We think the compelling reason for granting petitioner’s prayer is that this case, properly tried to the district court, was submitted to that court for adjudication and presents problems which are well within the ordinary province of a judge to solve. That he is under obligation to solve them we think is pretty clearly indicated. by the LaBuy decision already cited.
As in a previous case in this Circuit, Paramount Pictures, Inc. v. Rodney, *5141950, 186 F.2d 111, certiorari denied, 1951, 340 U.S. 953, 71 S.Ct. 572, 95 L.Ed. 687, we assume it will not be necessary to issue the writ unless application for certiorari be made. We assume the district judge will vacate the order of reference and proceed to decide the case already submitted to him.
. Susquehanna argues that the district court’s authority to refer a case to the Interstate Commerce Commission is not as broad as that set out above. It cites the opinion of Mr. Justice Jackson in Montana-Dakota Utilities Co. v. Northwestern Pub. Serv. Co., 1951, 341 U.S. 246, 71 S.Ct. 692, 696, 95 L.Ed. 912. There the learned justice, speaking for the majority, said: “If the court is presented with a case it can decide but some issue is within the competence of an administrative body, in an independent proceeding, to decide, comity and avoidance of conflict as well as other considerations make it proper to refer that issue. But we know of no case where the court has ordered reference of an issue which the administrative body would not itself have jurisdiction to determine in a proceeding for that purpose.”
It is admitted that the Commission does not have original jurisdiction to grant the particular things asked for by the plaintiff in this suit. That body may, when called upon to do so, determine the portions railroads should receive in the future for all joint rates and require an adjustment of past divisions of joint rates established by administrative action. 49 U.S.C.A. § 15(6). But it has no authority to make reparations for past divisions of those rates which the parties themselves have agreed on. See Brimstone R. & Canal Co. v. United States, 1928, 276 U.S. 104, 121-122, 48 S.Ct. 282, 72 L.Ed. 487. Nothing in this litigation concerns determination of matters in the future. What Susquehanna wants is a declaration of its rights under the contract in the past. Therefore, petitioner contends, no matter what the character of the issues involved, the court had no power to make this reference.
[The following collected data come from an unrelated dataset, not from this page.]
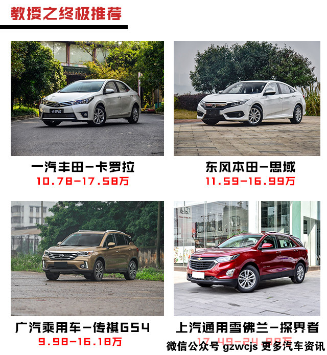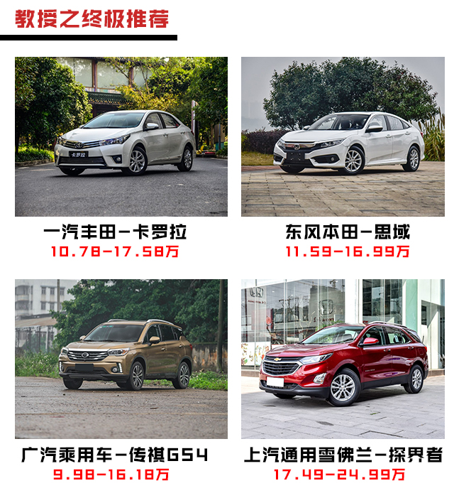 按照上述所说的几点,教授推荐大家几款比较值得购买的车型给大家参考一下,同时综合后台粉丝的提问,教授整理出几个购车疑问。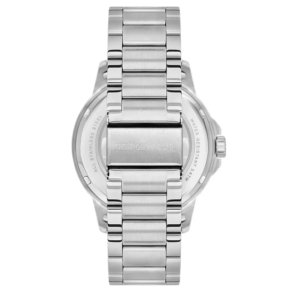 The USPA1000B-05 from U.S. Polo Assn. delivers modern quality with a bold design. The watch includes a sturdy 44 mm metallic gray stainless steel case and bracelet, paired with a green analog dial for a dynamic look. Its mineral glass cover offers reliable scratch resistance. Powered by accurate quartz movement, it features water resistance up to 5 ATM, ensuring protection against splashes and brief immersion. With a practical calendar function, this watch suits sporty, business, and casual occasions.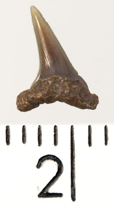 Зуб. Акула. Eostriatolamia subulata (Agassiz, 1843). Классификация: Хордовые Chordata, Позвоночные Vertebrata, Хрящевые рыбы Chondrichthyes, Пластиножаберные Elasmobranchii, Акулы Selachii, Ламнообразные Lamniformes, Песчаные акулы Odontaspididae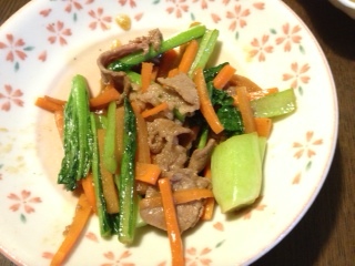 夕食は、肉野菜炒め。ビビンバ丼のはずが面倒で一緒に炒めてしまった。モヤシと大根葉のごま油いため。アスパラガスのレンジ蒸し。サラダ。イカ団子とニラ、ビーフンの中華スープ。山形ガールズ農場の赤米入りご飯。梨。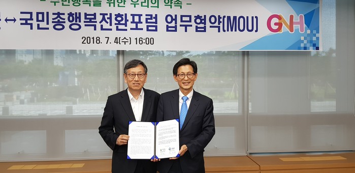 4일 유기상 군수는 박진도 지역재단 이사장과 함께 국민총행복전환포럼(GNH) 업무협약(MOU)을 맺고 ‘군민행복시대’로 나아가기 위한 변화의 첫걸음을 뗐다.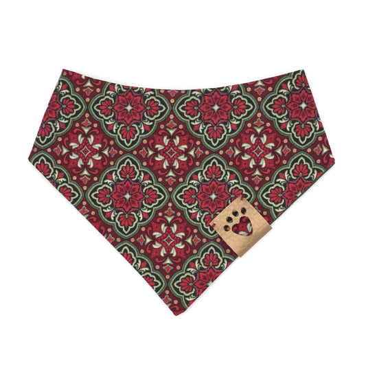 Christmas Filigree/Green with Gold Polka Dots Reversible Dog Bandana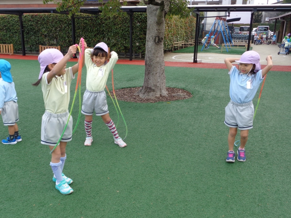 また、自由遊びで女の子は毎日縄跳びに夢中…♡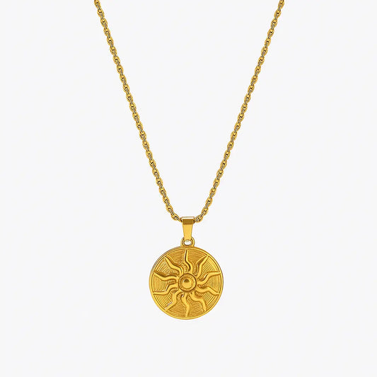 This bold pendant necklace is expertly crafted from high-quality metal, featuring a circular medallion with...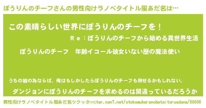 | 胡散臭い通販商品みたいなあだ名 | 『あなたにだけ特別に提供する限定10本のレアな日本酒…その名も「ぽうりんのチーフ」』 |
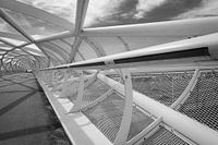 bijzondere architectuur en lijnenspel van de brug "de Groene Verbinding" bij Rhoon en Rotterdam - Zuid. Deze fiets- en voetgangersbrug overspant de A15 en de Betuwelijn. Het ontwerp van de brug - ook wel " de Netkous" genoemd - is van Marc Verheijen van Gemeentewerken Rotterdam.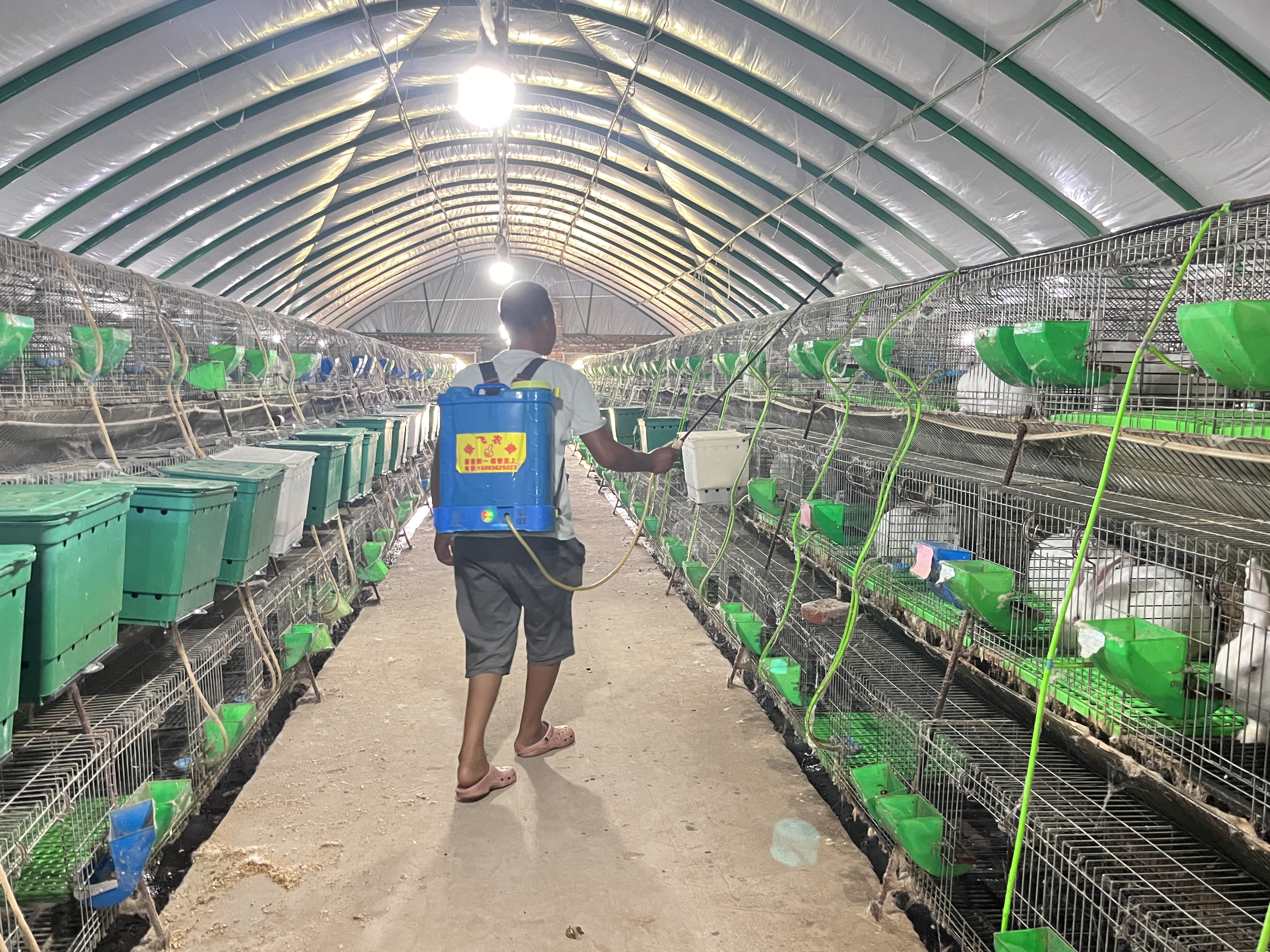 大河网讯 9月4日上午,开封市祥符区朱仙镇老饭店村的脱贫户朱冬五,正在自家的兔棚内打扫卫生,背着药箱仔细消毒,只见他一瘸一拐地打理着兔棚,但动作娴熟,不一会儿,整个兔棚就被他打扫得干干净净。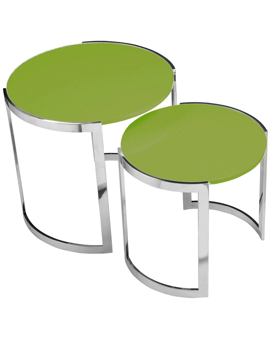 - Design details: 2 Round side tables that nest together; modern and useful; the smaller one inserts right under the larger one; the large side table measures 21Wx21Dx20H; smaller side table measures 17Wx17Dx17H; high gloss lacquer and high polished steel frame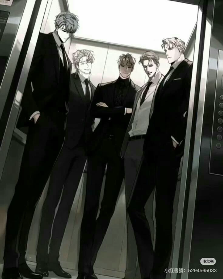 Zeke (26) follows, a sharp-suited CEO. Zeke stands with brown hair neatly kept, gray eyes, a sharp jaw, thick eyebrows, and a solid, muscular frame beneath his tailored suits.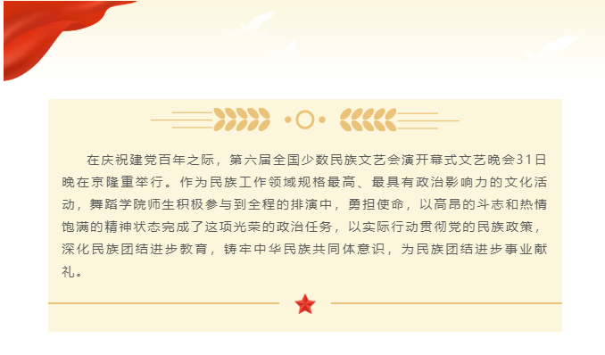 师生圆满完成第六届全国少数民族文艺会演开幕式文艺晚会,党员师生们冲锋在前,用实际行动践行民族团结一家亲,同心共筑中国梦的家国理念,激励同学们坚定信仰信念,保持爱国初心,以永不懈怠的精神状态和一往无前的奋斗姿态,为新时代的繁荣继续奋斗。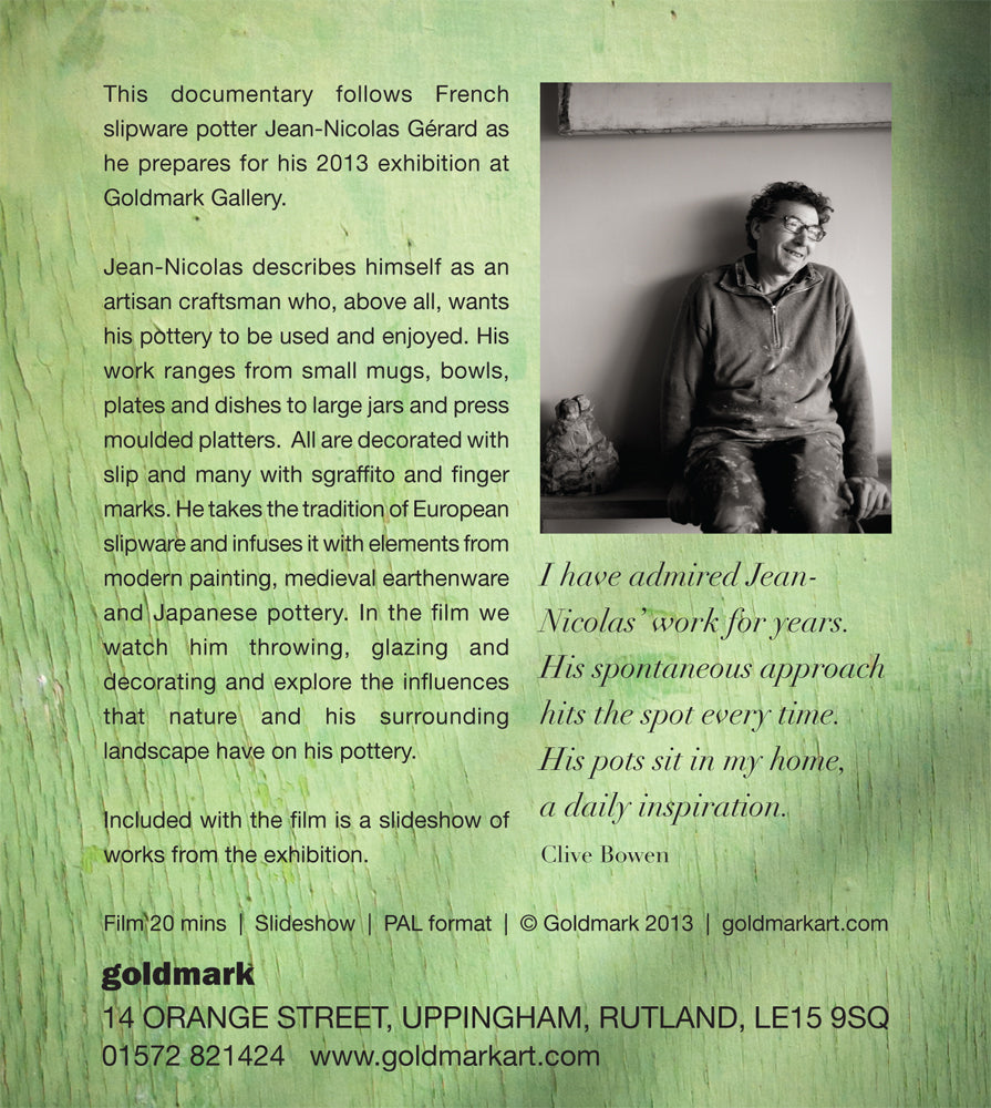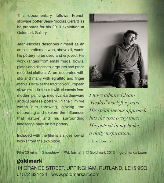 This documentary follows French slipware potter, Jean-Nicolas Gérard, as he prepares for his 2013 exhibition at Goldmark Gallery. Jean-Nicolas describes himself as an artisan craftsman who, above all, wants his pottery to be used and enjoyed. His work ranges from small mugs, bowls, plates and dishes to large jars and press moulded platters. All are decorated with slip and many with sgraffito and finger marks. He takes the tradition of European slipware and infuses it with elements from modern painting, medieval earthenware and Japanese pottery. In the film we watch him throwing, glazing and decorating and explore the influences that nature and his surrounding landscape have on his pottery. Included with the film is a slideshow of works from the exhibition and extra short films of throwing and glazing.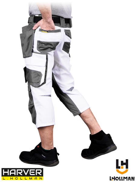 Spodnie ochronne do pasa HARVER z krótkimi nogawkami typu rybaczki, męskie.- tkanina: 65% poliester, 35% bawełna- gramatura 290 g/m2- zapinane na guzik oraz zamek błyskawiczny- dwie kieszenie boczne, w tym jedna podwójna, dwie kieszenie monterskie z przegródkami oraz dwie tylne, w tym jedna zapinana na rzep- kieszenie na nogawkach, w tym jedna potrójna oraz jedna podwójna podłużna z wąskimi przegródkami- kieszenie na wkładki nakolannikowe wkładane od góry z zapięciem na rzep- wyprofilowane kolana- dodatkowa szlufka na akcesoria zapinana na rzep- końcówka do przypięcia kluczy- uchwyt na młotek na prawej nogawce- odblaskowe elementy zwiększające widoczność- fason: REGULAR- testowane na zawartość szkodliwych dla zdrowia substancji zgodnie ze standardami OEKO-TEX® Standard 100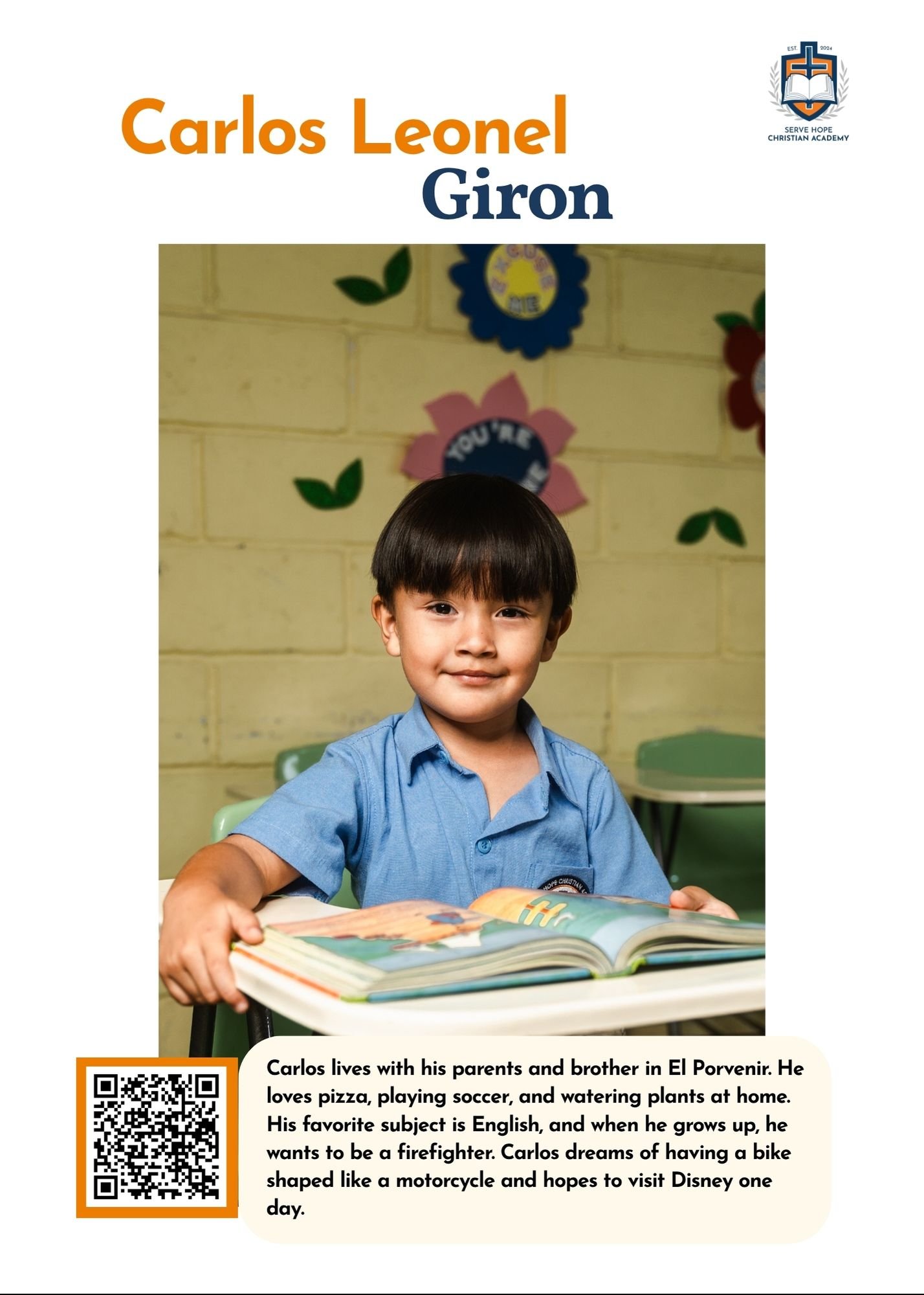 Carlos lives with his parents and brother in El Porvenir. He loves pizza, playing soccer, and watering plants at home. His favorite subject is English, and when he grows up, he wants to be a firefighter. Carlos dreams of having a bike shaped like a motorcycle and hopes to visit Disney one day.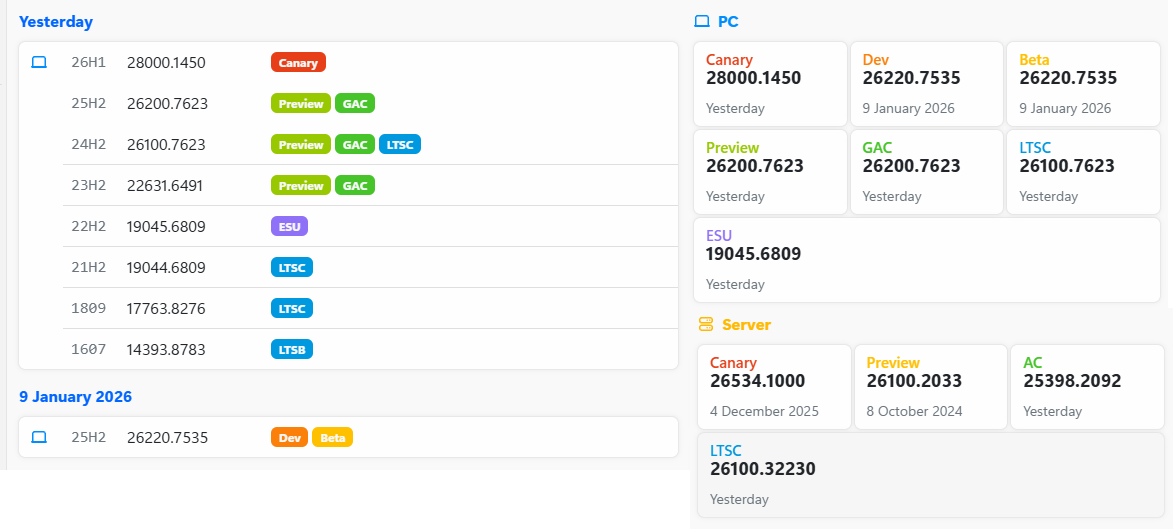 ○ 일반 사용자 채널 = Windows 11 25H2 : 빌드 26200.7623 (= 일반 사용자 빌드)

We do not think the question is that easy. The passage quoted is merely dicta and has been severely criticized. See Jaffe, Primary Jurisdiction Reconsidered: The Anti-Trust Laws, 104 U.Pa.L.Rev. 577, 588-89 (1954). See also United States v. T.I.M.E., Inc., 5 Cir., 1958, 252 F.2d 178. Further, Reading has come up with some ingenious arguments in support of a view that the Commission does have original jurisdiction in these matters. We prefer not to rest our decision upon this ground.
. It is to be noted also that this case does not involve the question of the proper rates to be charged by a carrier in its tariffs as it serves the public. The litigation, at this stage at any rate, is simply for a division of through rate agreed upon by the parties, or alleged to have been agreed upon by them, and there is no complaint that so far as the public is concerned they are either being given or charged too much.